How Information Is Organized

card catalog with childI like to point out, whenever possible, how library systems encode bias just as newer algorithmic search systems literally encode it while seeming blissfully, mechanically, inhumanly incapable of being anything but neutral. I’m reminded of something one of our faculty members said when discussing what critical concepts about information our students should grasp.

Information has to be organized and how it is organized matters.

That’s profoundly true, and so easy to forget when helping students find information in systems that are complicated enough without explaining how they got that way. The exoskeleton of the library stacks is hidden from view unless you step back and wonder about why this subject is next to that, or why there’s loads of room for one subject but not for another.

But the embedding of named categories inside a call number . . . this post from a metadata blog with a terrific name (I Never Metadata I Didn’t Like) shows just how ubiquitous and problematic our ghostly past of categorization is. It’s a piece of call numbers used in academic libraries all over the country and once you see it you can’t unsee it.

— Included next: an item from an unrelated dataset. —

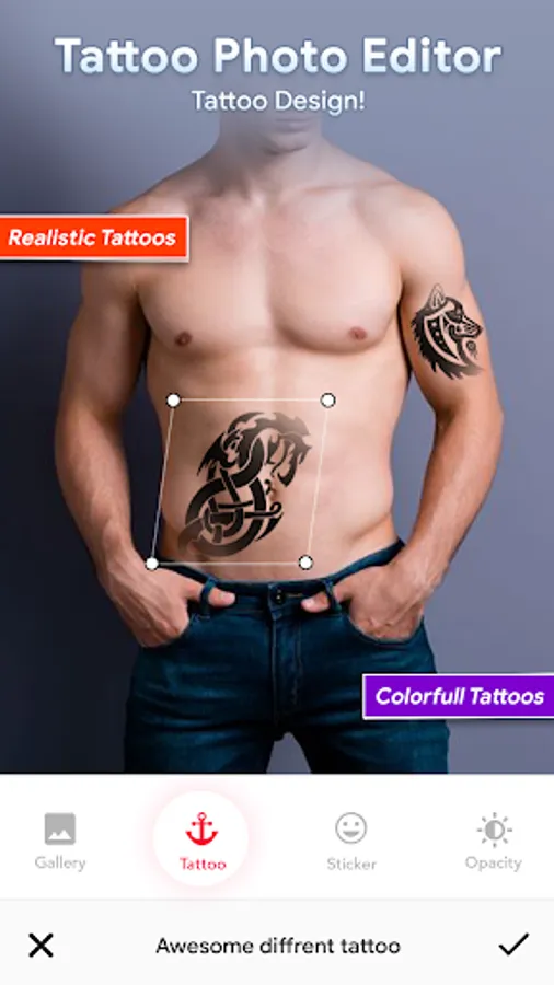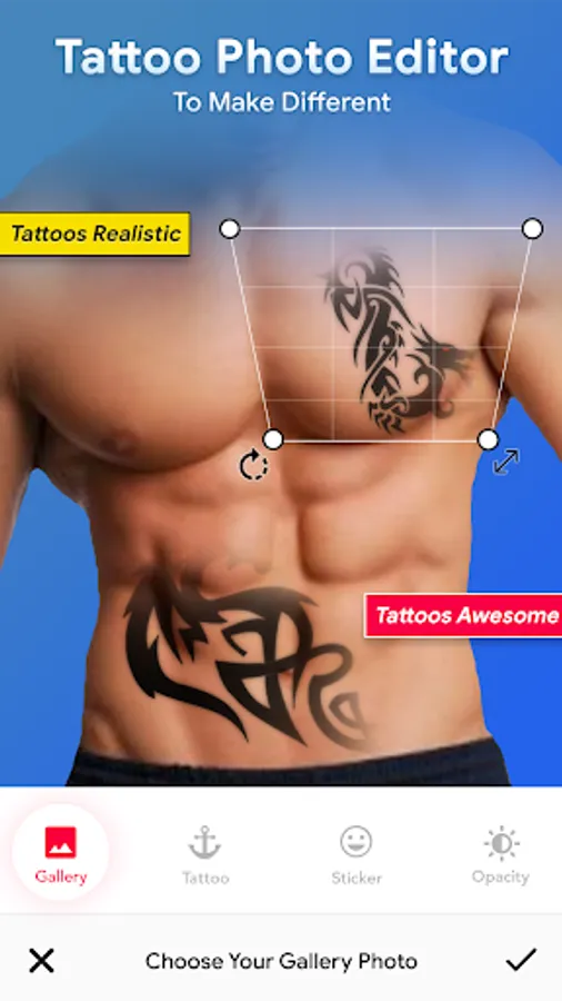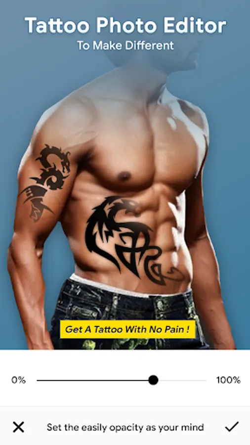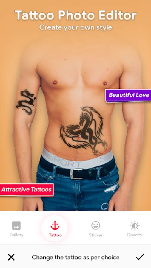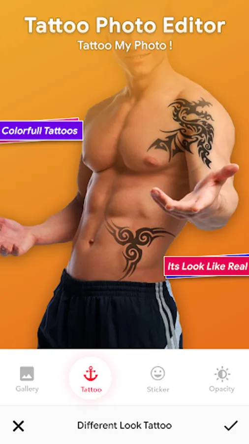 Tattoo Editor is the creative way to make a cool tattoo on photo of you. It is the best way to show your body with tattoo patterns.

In this case it’s the letter N, used to subcategorize things that refer to black folks as a subject within a broader category. Yes, that’s a holdover from the days when the word was Negro. It’s also a holdover from the days when whites were assumed to be the norm, and blacks were set aside as a special category, an afterthought, an oddity, like the subject headings “women scientists” and “women artists” – male scientists are just scientists, male artists are artists.

We seem to be a time when a lot of people simply resist the idea that bias exists, or if it exists it’s against people who are used to being unchallenged. But here it is, in plain sight, built right into the library itself. As plain as the letter N.